Всем хорош Владикавказ, кроме… Да нет, всем он хорош, решительно всем! Широкие бульвары, красивые дома в три-четыре этажа, чистые мостовые с деревьями, высаженными частой линией вдоль поребрика, горы вместо горизонта и даже памятник генералу Ермолову, на котором он вышел лукавым и добродушным, каким никогда не был при жизни – всё это и ещё тысяча мелочей сообщает городу его неповторимый шарм. Столица русского Кавказа, даже превратившись в миллионник, не утратила ни толики своего очарования. Среди двух десятков мегаполисов, возросших в последние годы там и сям в южных губерниях, именно Владикавказ – эталон лоска и изящества.

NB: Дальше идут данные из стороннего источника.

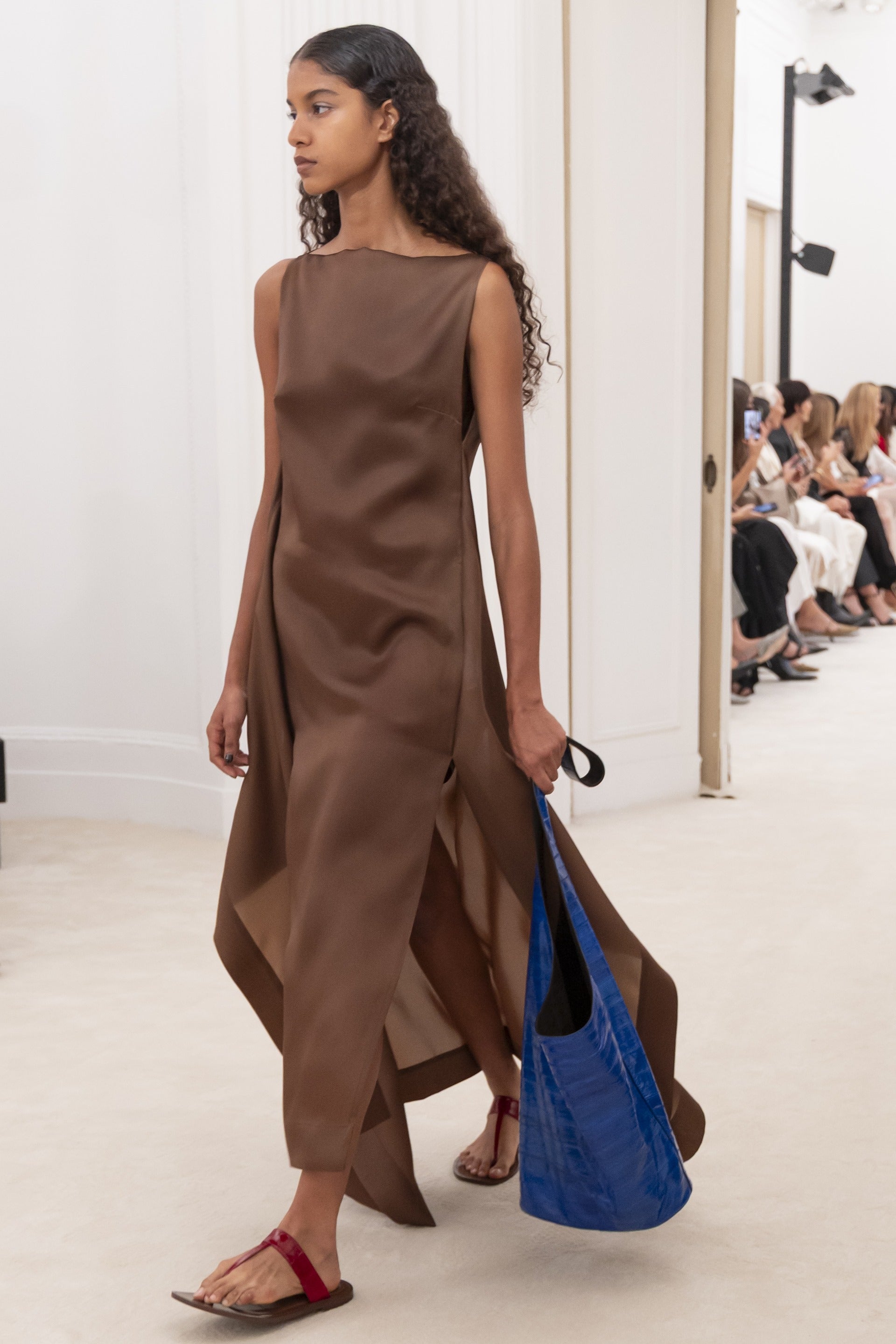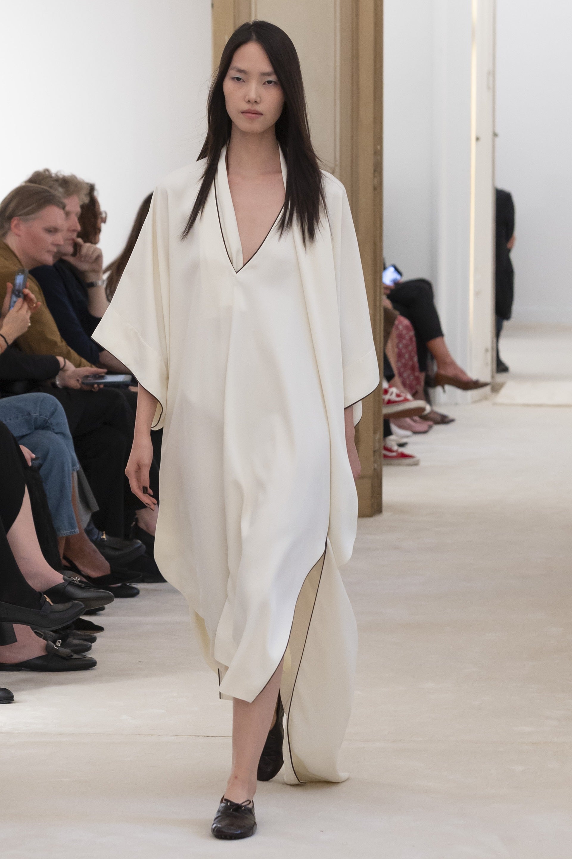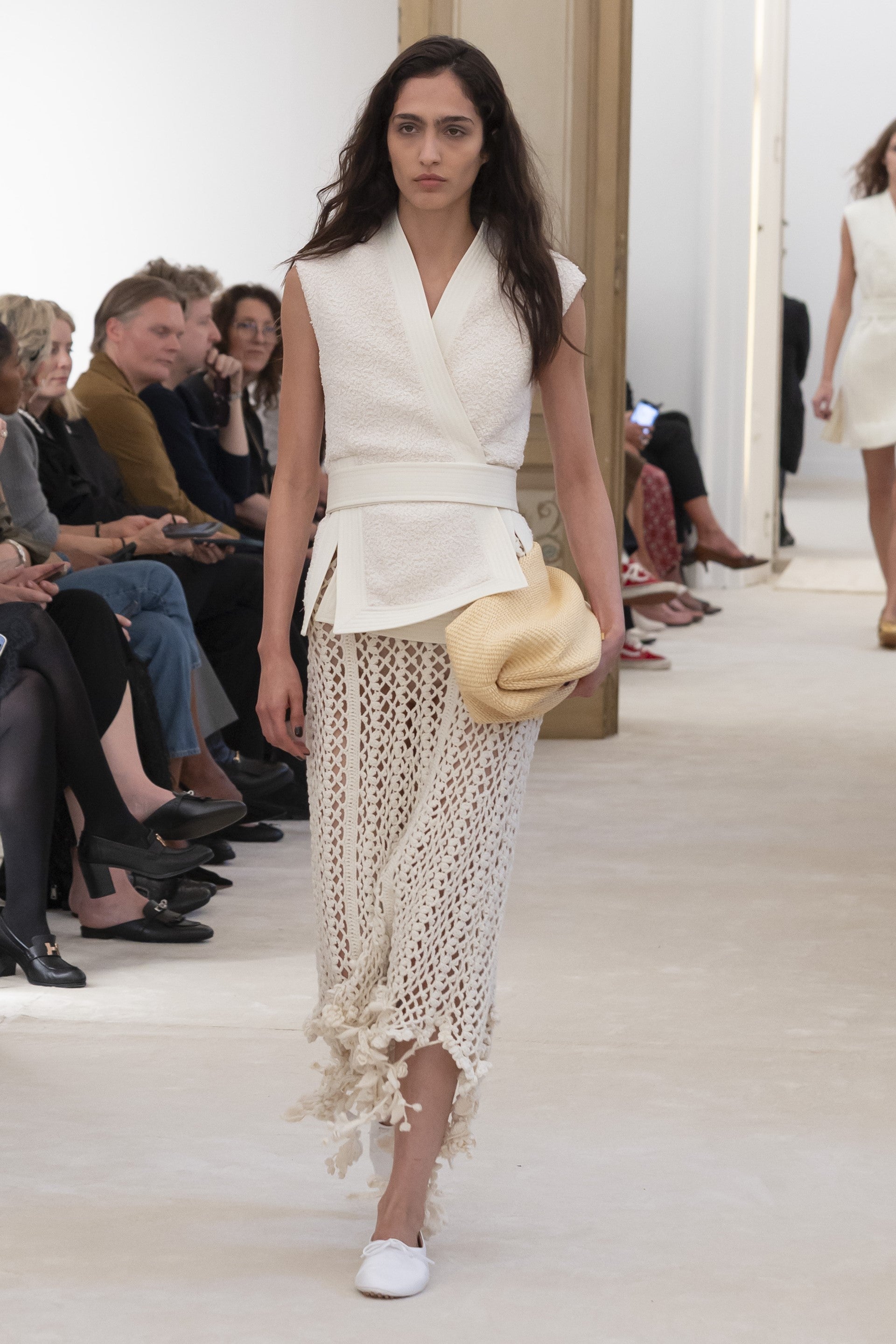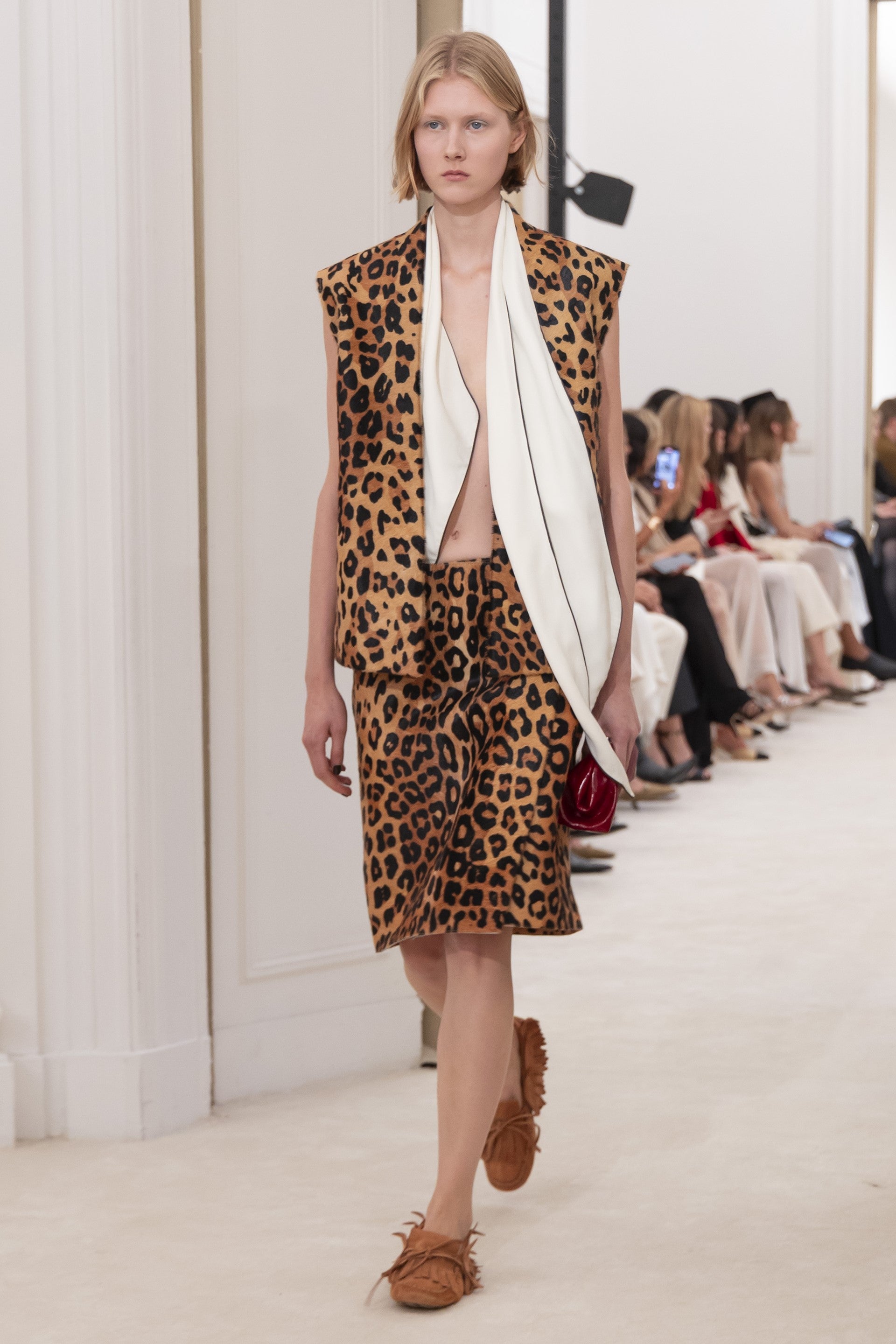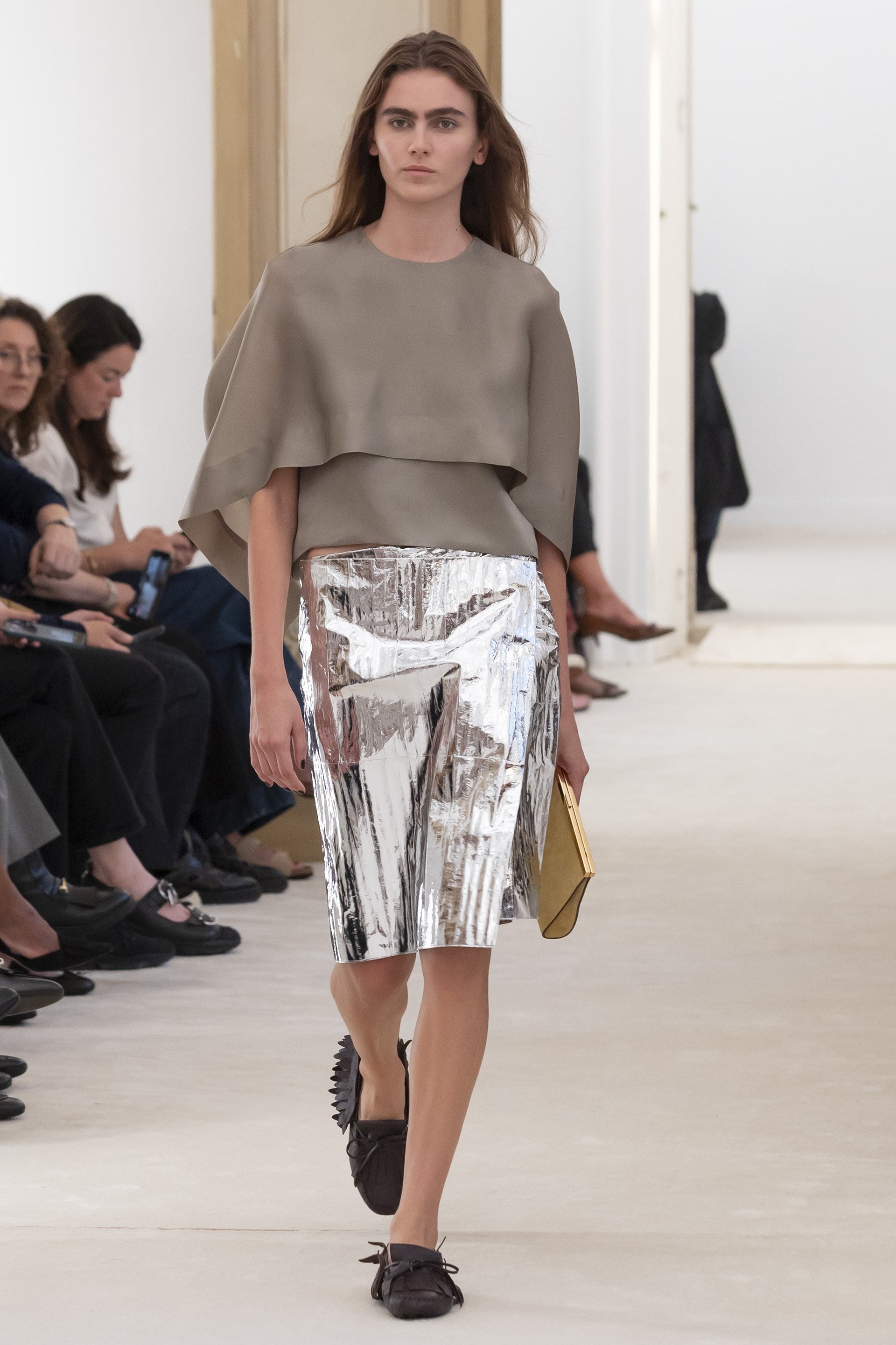 Le tailleur a un esprit assertif. Vestes ouvertes sur gilets et tops soutien-gorge, associées à des pantalons en organza, viscose et lin. De petites capes en organza de soie et lin imprimé tombent avec le poids du drapé, tandis que des chemises transparentes laissent entrevoir la peau.

Для Славы, всю жизнь прожившего в Питере, переезд на юг всегда был мечтой, но мечтой несбыточной, а оттого робкой. И пусть на памяти только его поколения миллионы и миллионы осели в этих благословенных краях и даже пустили корни, сам он всё как-то не решался. Почему? Боялся не освоиться на новом месте, не привыкнуть к климату, не найти работы… Но Александр Климентович выхлопотал ему по программе защиты целый пакет помощи. И пакет этот оказался донельзя щедрым. Подъёмных вышло столько, что отродясь не видевший таких денег Слава смог и маленький домик приобрести, и неспешно работу найти… Хотя, по правде сказать, ещё неизвестно, чем обернулись бы для него эти шальные деньги, если бы и за удачной находкой дома, и за счастливым обретением места в новой конторе не чувствовал он незримой руки своего столичного друга и покровителя. Как бы то ни было, освоиться на новом месте оказалось в итоге делом не сложным, а на мягкий климат и вовсе было грех пенять.
Вечером под Покров 1970 года Ростислав Львович возвращался с места службы в самом хорошем расположении духа. Он любовался тем, как солнце садится за близкие горы, он вдыхал тёплый осенний воздух, поглядывал на соседские фруктовые сады с благодушием, но без аппетита – и не мог поверить своему тихому счастью. Завтра в Архангельском соборе крестины младшенького одного из его новых коллег, потом застолье на широкую ногу по местному обычаю, потом поход в горы с новыми приятелями под наставничеством опытного осетина, и всё это, и что-то ещё – неуловимое и невыразимое – ясно говорило ему о том, что жизнь наконец-то налаживается. Да, да, здесь у него появились и приятели: не врали, выходит, о том, что молодая южная ветвь русских отличается дружелюбием и простотой в обхождении, не чета надменным северянам и суровым сибирякам!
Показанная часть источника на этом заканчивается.